From Karl Schnaitter
Subject TODO item: Allow data to be pulled directly from indexes
Date
Msg-id 4867790F.9050902@soe.ucsc.edu
Whole thread Raw
Responses Re: TODO item: Allow data to be pulled directly from indexes  (Gregory Stark <stark@enterprisedb.com>)
Re: TODO item: Allow data to be pulled directly from indexes  ("Heikki Linnakangas" <heikki@enterprisedb.com>)
Re: TODO item: Allow data to be pulled directly from indexes  (Bruce Momjian <bruce@momjian.us>)
List pgsql-hackers
Sometime last year, a discussion started about including visibility 
metadata to avoid heap fetches during an index scan:

http://archives.postgresql.org/pgsql-patches/2007-10/msg00166.php
http://archives.postgresql.org/pgsql-patches/2008-01/msg00049.php

I think the last discussion on this was in April:

http://archives.postgresql.org/pgsql-hackers/2008-04/msg00618.php (last 
item)

I have worked with the current patch, and I have some thoughts about 
that approach and the approaches listed in the TODO item. The TODO lists 
three approaches, in short

(1) Add a bit for an index tuple that indicates "visible" or "maybe 
visible."
(2) Use a per-table bitmap that indicates which pages have at least one 
tuple that is not visible to all transactions.
(3) Same as (2) but at the granularity of one bit per table.

The approach in the patch is different:

(4) Add transaction ids, etc to the index tuple (totaling 16 bytes)

I would group (1) & (4) together and (2) & (3) together. I think the 
time and space trade-offs are pretty obvious, so I won't waste time on 
those.

(1) & (4) require an UPDATE or DELETE to twiddle the old index tuple. 
Tom has noted (in the linked message) that this is not reliable if the 
index has any expression-valued columns, because it is not always 
possible to find the old index entry. For this reason, the proposed 
patch does not keep visibility metadata for indexes on expressions.
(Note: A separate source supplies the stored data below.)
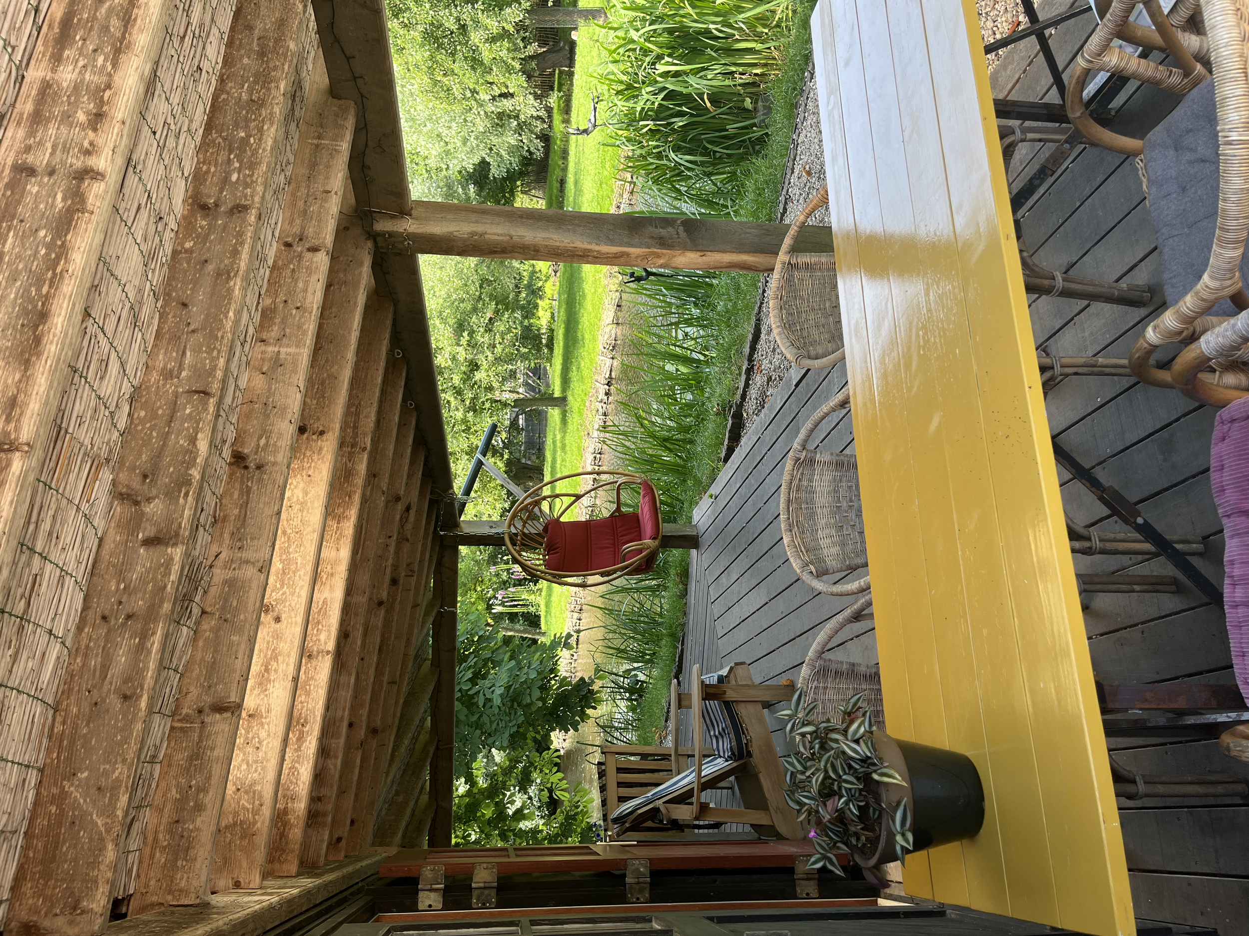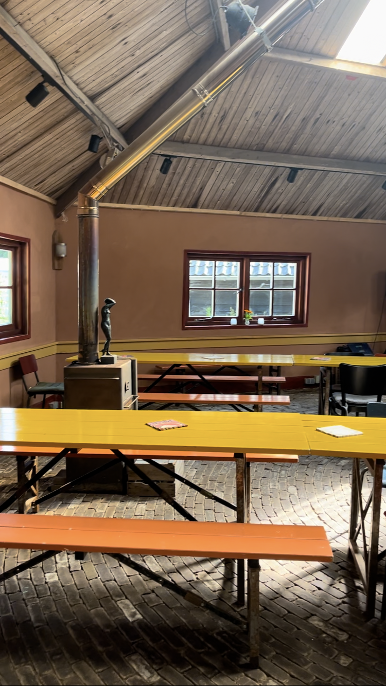 De kunststudio, de voormalige hooischuur, is een gezellige ronde ruimte met veel raampjes, een stenen vloer en een houtkachel.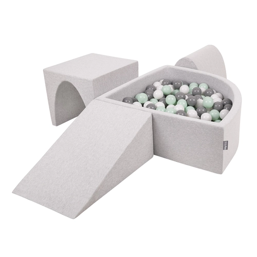 KiddyMoon Foam Playground for Kids with Quarter Angular Ballpit and Balls, lightgrey:white/grey/mint, Ballpit (100 Balls) + Wedge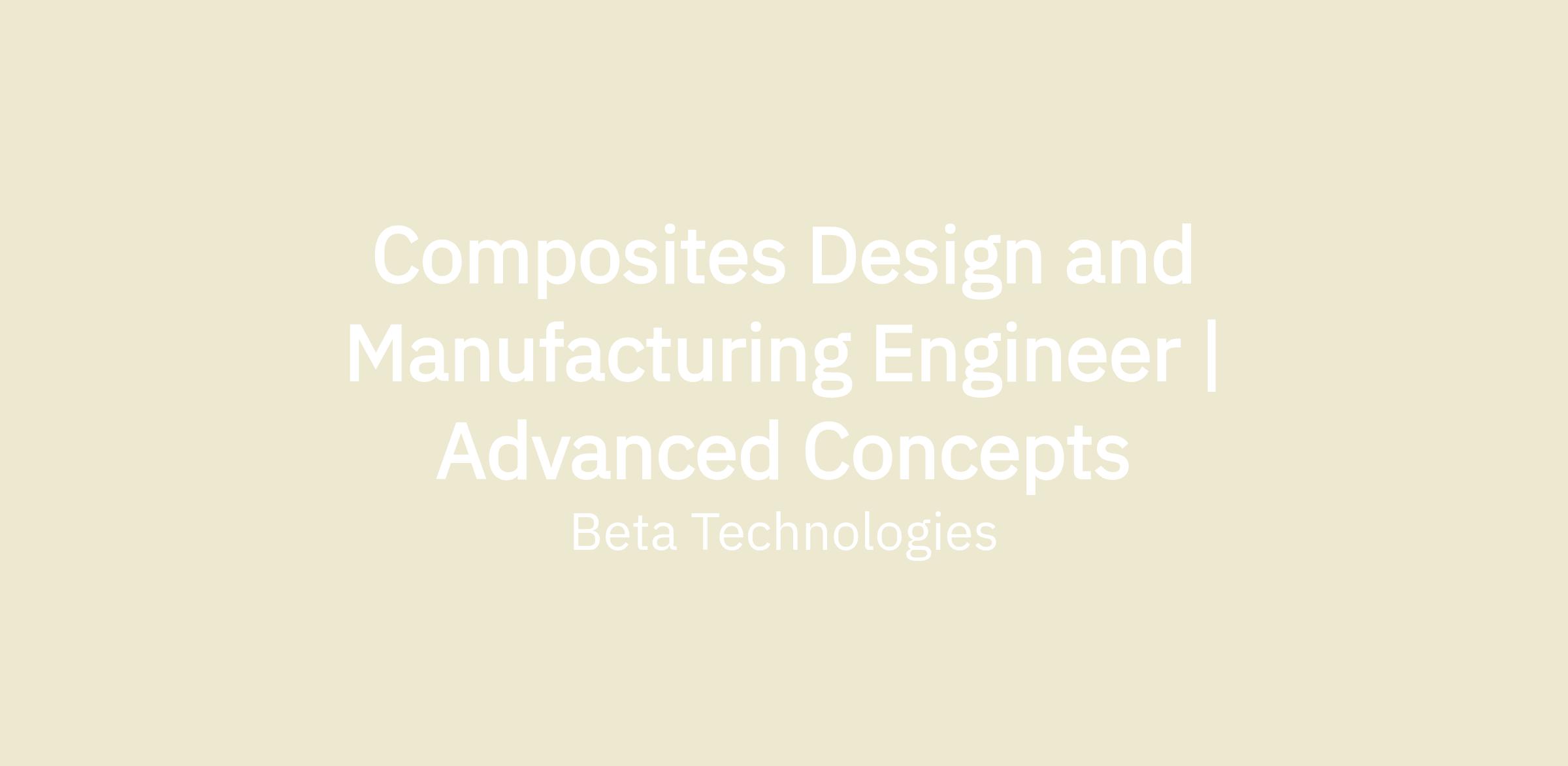 The Composites and Manufacturing Engineer position is for a multi-faceted composites designer on the Advanced Concepts team at Beta. This person would work across teams to design end-to-end metallic and composite components for next-gen aircraft and peripherals. This person would also work to develop tooling, both internally and with external vendors, and support layup of first article components to inform production.

This 
seems like a reasonable limitation --- indexed expressions are just less 
efficient.

The main difference between (1) & (4) is that (1) will sometimes require 
heap lookups and (4) never will. Moreover, the heap lookups in (1) will 
be difficult for the optimizer to estimate, unless some special 
statistics can be maintained for this purpose.

I should mention there is a major flaw in the patch, because it puts 
pointers to HOT tuples in the index, in order to capture the different 
transaction ids in the chain. I think this can be fixed by only pointing 
to the root of the HOT chain, and setting xmin/xmax to the entire range 
of transaction ids spanned by the chain. I'm not sure about all the 
details (the ctid and some other bits also need to be set).

(2) & (3) can work for any index, and they are quite elegant in the way 
that the overhead does not change with the number of indexes. The TODO 
also notes the benefit of (2) for efficient vacuuming. Thus, I think 
that (2) is a great idea in general, but it does not serve the intended 
purpose of this TODO item. Once a page gets marked as requiring 
visibility checks, it cannot be unmarked until the next VACUUM. The 
whole point of this feature is that we are willing to be more proactive 
during updates in order to make index access more efficient.

So in summary, I think that (2) would be nice as a separate feature, 
with (1) and (4) being more favorable for index-only scans. The obvious 
trouble with (4) is the extra space overhead. There are also issues with 
correctness that I mentioned (any thoughts here would be appreciated). 
Other than that, I would favor (4) because it offers the most stable 
performance.

Please let me know if you agree/disagree with anything here. I need to 
get this feature implemented for my research, but I would also love to 
contribute it to the community so your opinions matter a lot.